* Work instruction
Wherever the line that contains "Like synchronized swimmers, the" falls, repeat it and the lines after it exactly until the records end, without any pictures.

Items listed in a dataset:

####################

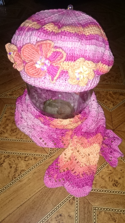1. Комплект выполнен из толстенького хлопка, на 4-5 лет. Длина шарфика 130 см. 1000р.
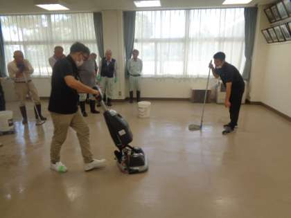 地域の学校の用務員さんたちの研修として、校長室と会議室を新しい機械を使ってきれいにしていただきました。短時間の作業でしたが、掃除前とは見違えるようになりました。
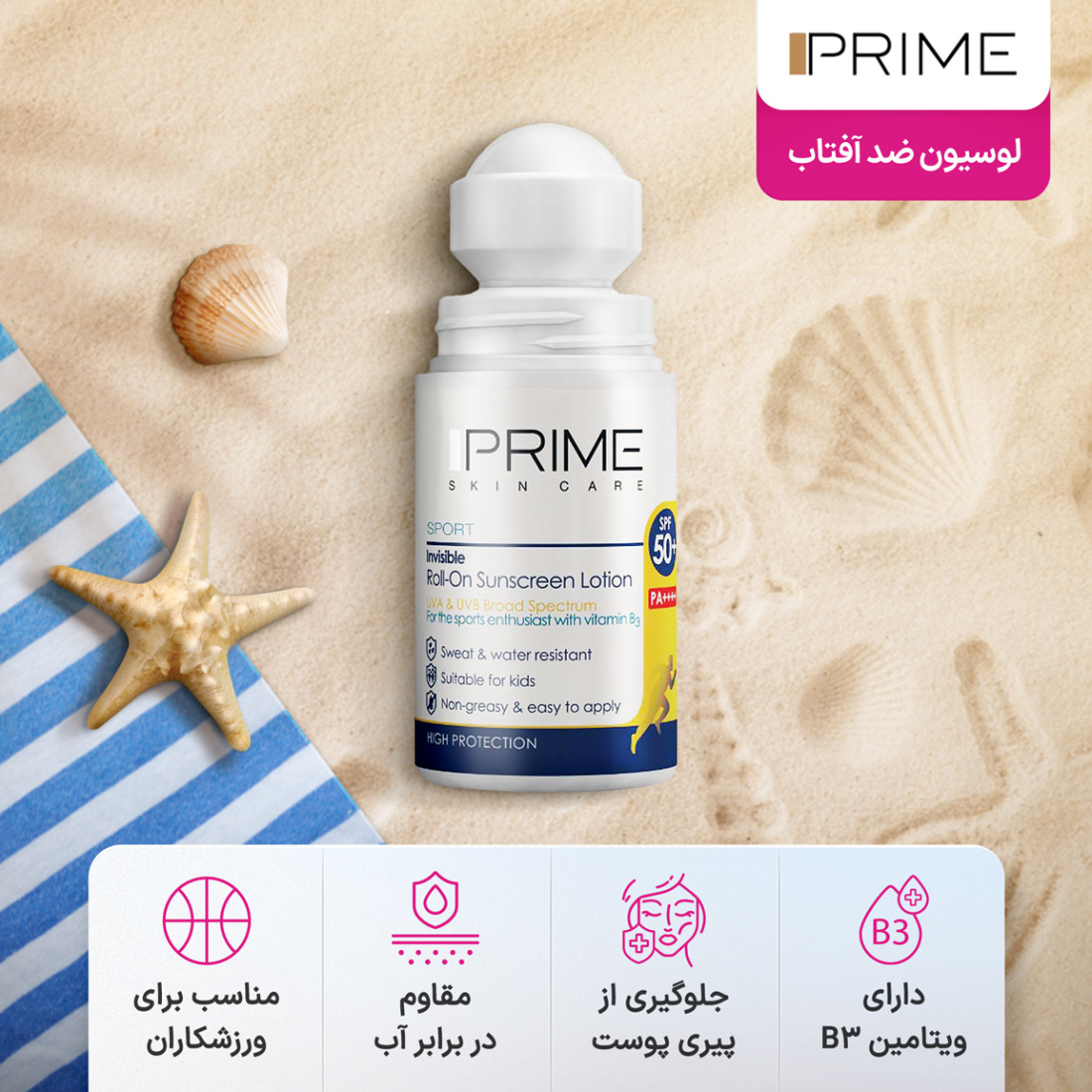 لوسیون ضدآفتاب رولی پرایم مدل Sport Invisible Roll-On با محافظت کامل و فرمولاسیون پیشرفته
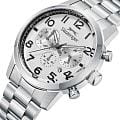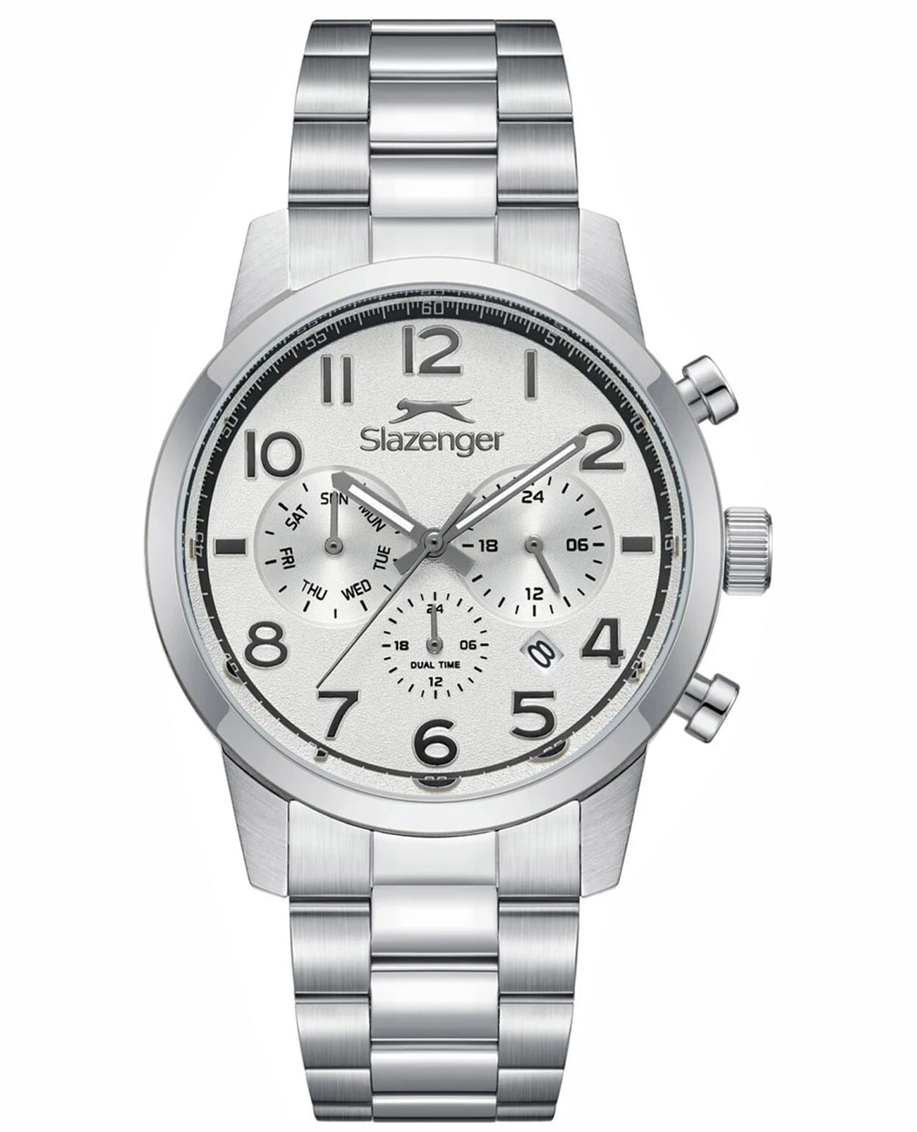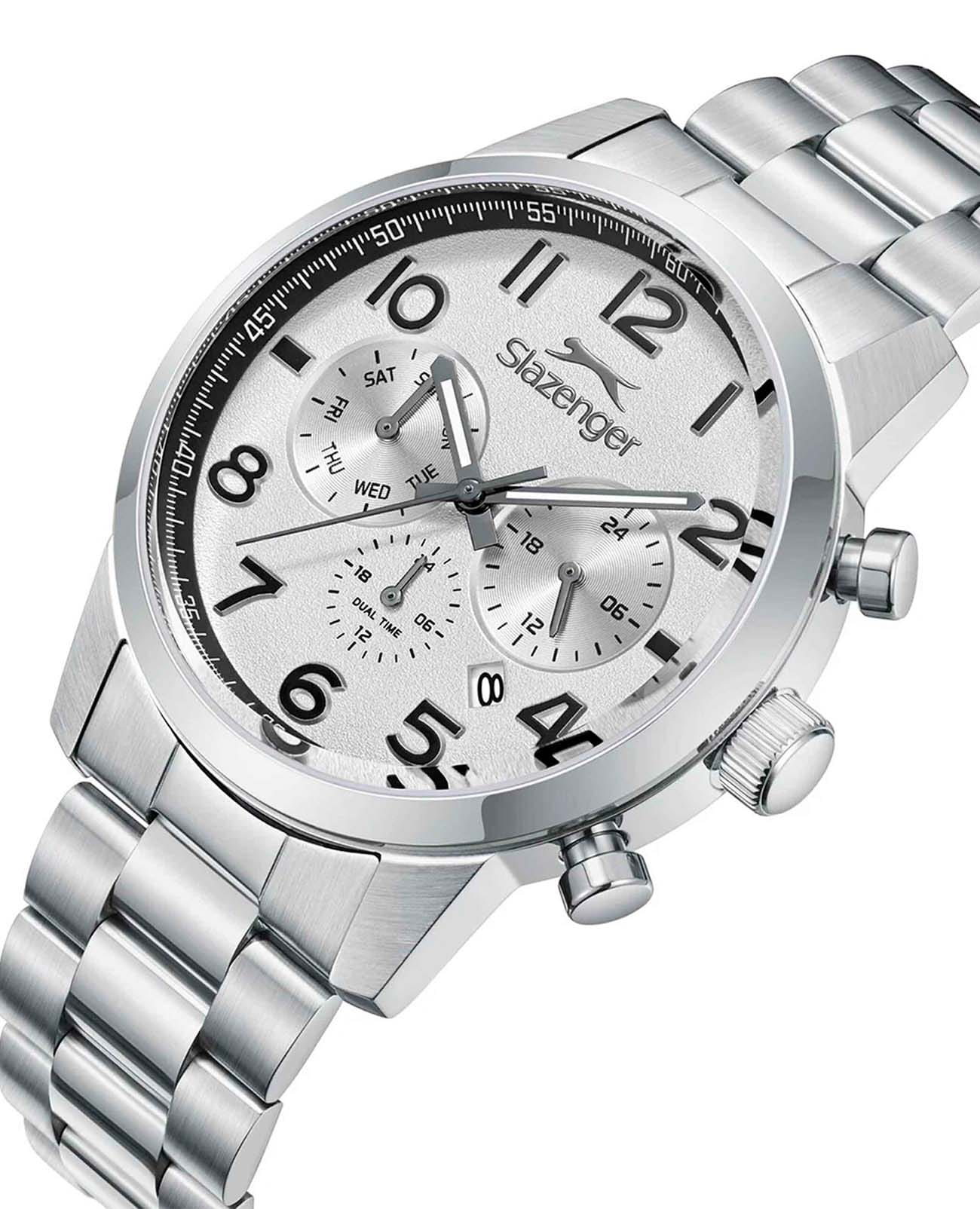 Мужские кварцевые часы Slazenger — это выразительный и функциональный аксессуар. Корпус диаметром 42 мм и толщиной 12 мм выполнен из нержавеющей стали 316L. Циферблат белого цвета оформлен индексами и стрелками. Окошко даты расположено на отметке в 6 часов. Указатель дня недели и 24-часовой формат времени вынесены на отдельные субциферблаты. Циферблат защищён минеральным стекломМинеральное стеклоМинеральное стекло представляет собой искусственно выращенный минерал кварца. Такое стекло отличается особой устойчивостью к повреждениям и царапинам. Уступает по некоторым качествам сапфировому стеклу.. Механизм — кварцевый калибр JP25. Часы оснащены функцией второго часового пояса (GMT)Второй часовой поясФункция, позволяющая отображать время двух часовых поясов одновременно.. Стрелки и метки с люминесцентным покрытиемЛюминесцентное покрытиеПозволяет считывать показания времени в темноте. Производители наносят на стрелки, часовые индексы, безель или поверхность циферблата светонакопительный состав, дающий холодное свечение., обеспечивающим хорошую читаемость в темноте. Часы оснащены стальным браслетом с раскладной застёжкойРаскладная застёжкаТакой тип застёжки используется только на браслетах из металла. Она никогда не раскрывается полностью, происходит разделение на 2 и более частей. Раскладывающая застёжка снизит вероятность потери часов к минимуму.. Водонепроницаемость 100 м позволяет использовать часы для плавания и повседневного ношения. Идеальный выбор для тех, кто ценит стиль, функциональность и качество.
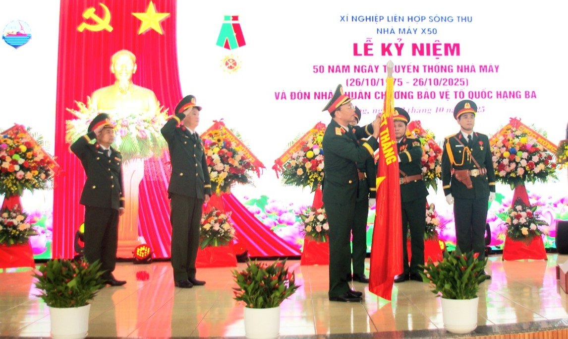 Thừa ủy quyền của Chủ tịch nước, Trung tướng Đinh Quốc Hùng, Bí thư Đảng ủy, Chính ủy Tổng cục Công nghiệp quốc phòng gắn Huân chương Bảo vệ Tổ quốc hạng Ba lên Quân kỳ Quyết thắng của Nhà máy X50.
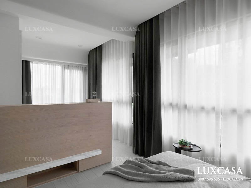 Điểm nhấn của căn phòng là những chiếc rèm vừa giúp trang trí phòng ngủ vừa giúp che bớt ánh sáng khi nghỉ ngơi. Không gian thoáng đãng, nội thất màu sắc nhẹ nhàng trong phòng ngủ chắc chắn sẽ là nơi nghỉ ngơi lý tưởng giúp bạn xua tan mệt mỏi sau ngày dài học tập và làm việc.
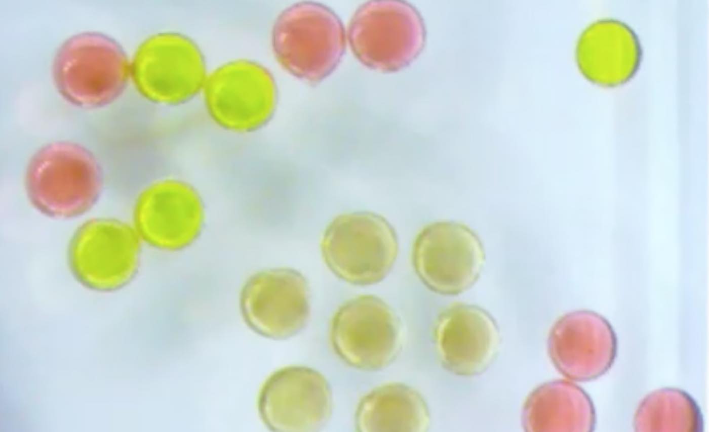Like synchronized swimmers, the droplets gravitated toward each other in perfect unison, forming an elegant swirl “like little dancing droplets,” said Liu. (See video below…)
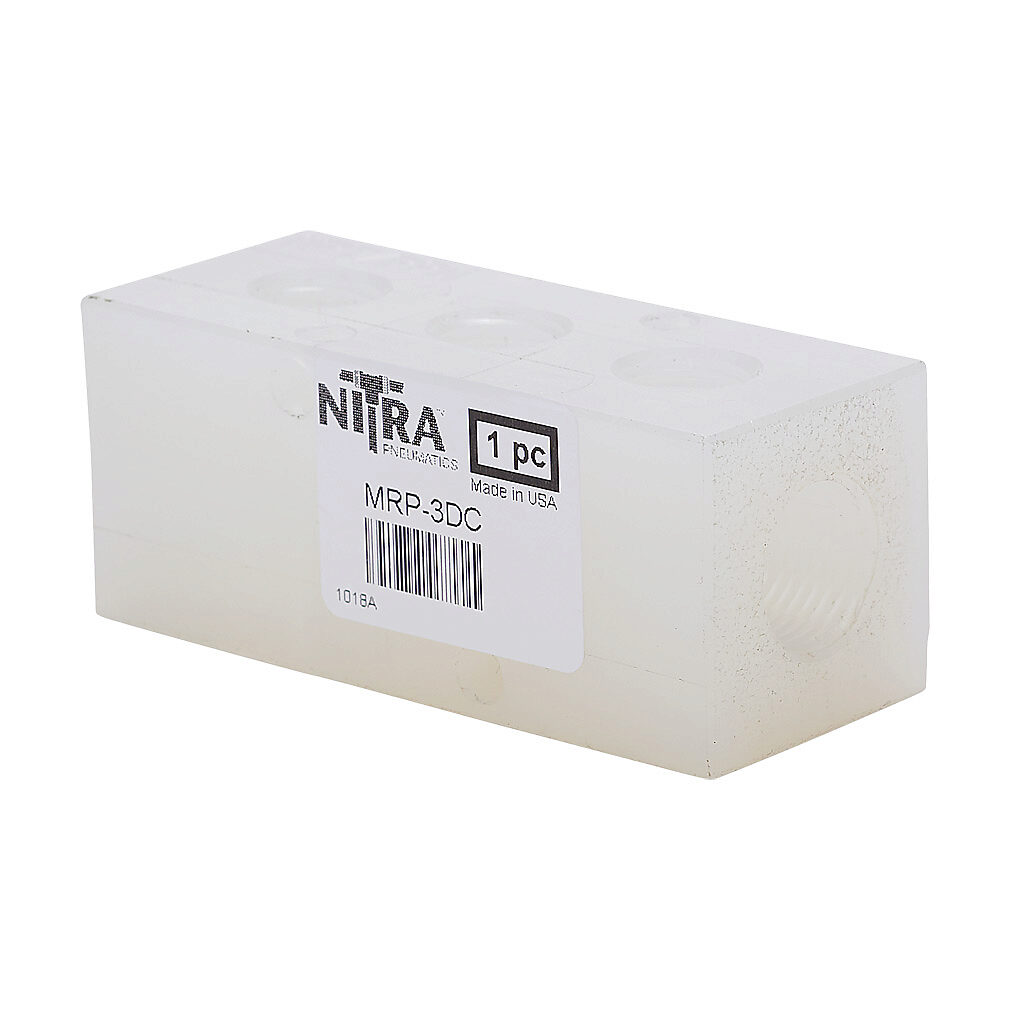MRP-3DC - NITRA pneumatic or water valve manifold, polypropylene (PP), rectangular, 150 psi maximum operating pressure, (3) stations, (2) 3/8in female NPT...
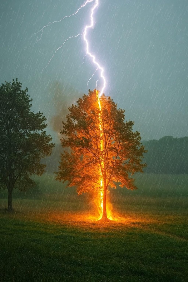 It might be done with a light sensor triggering the shutter tor a timed exposure, but actually getting it when the tree is hit would be a real stroke of luck.
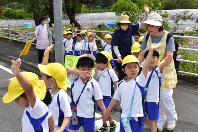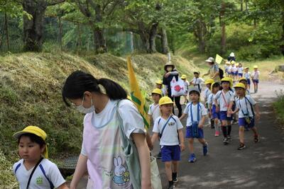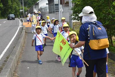 【移動の様子】車の往来がほとんどない近見を往復しました。クラス単位で二人ペアで手をつなぎ、安全にも気をつけながら移動。横断歩道を渡る際には、先日の交通教室を思い出し手を高く上げて横断しました。
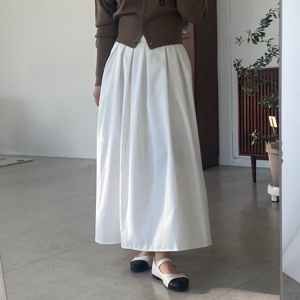 당일출고!(핏바로완성/러블리!!) A라인 뒷밴딩 옆지퍼 핀턱 하객룩 벚꽃룩 플리츠 벌룬 주름 플레어 봄신상 데이트룩 여리여리 하체커버 롱 스커트 봄신상

####################

* Result of the exercise
Like synchronized swimmers, the droplets gravitated toward each other in perfect unison, forming an elegant swirl “like little dancing droplets,” said Liu. (See video below…)
MRP-3DC - NITRA pneumatic or water valve manifold, polypropylene (PP), rectangular, 150 psi maximum operating pressure, (3) stations, (2) 3/8in female NPT...
 It might be done with a light sensor triggering the shutter tor a timed exposure, but actually getting it when the tree is hit would be a real stroke of luck.
 【移動の様子】車の往来がほとんどない近見を往復しました。クラス単位で二人ペアで手をつなぎ、安全にも気をつけながら移動。横断歩道を渡る際には、先日の交通教室を思い出し手を高く上げて横断しました。
 당일출고!(핏바로완성/러블리!!) A라인 뒷밴딩 옆지퍼 핀턱 하객룩 벚꽃룩 플리츠 벌룬 주름 플레어 봄신상 데이트룩 여리여리 하체커버 롱 스커트 봄신상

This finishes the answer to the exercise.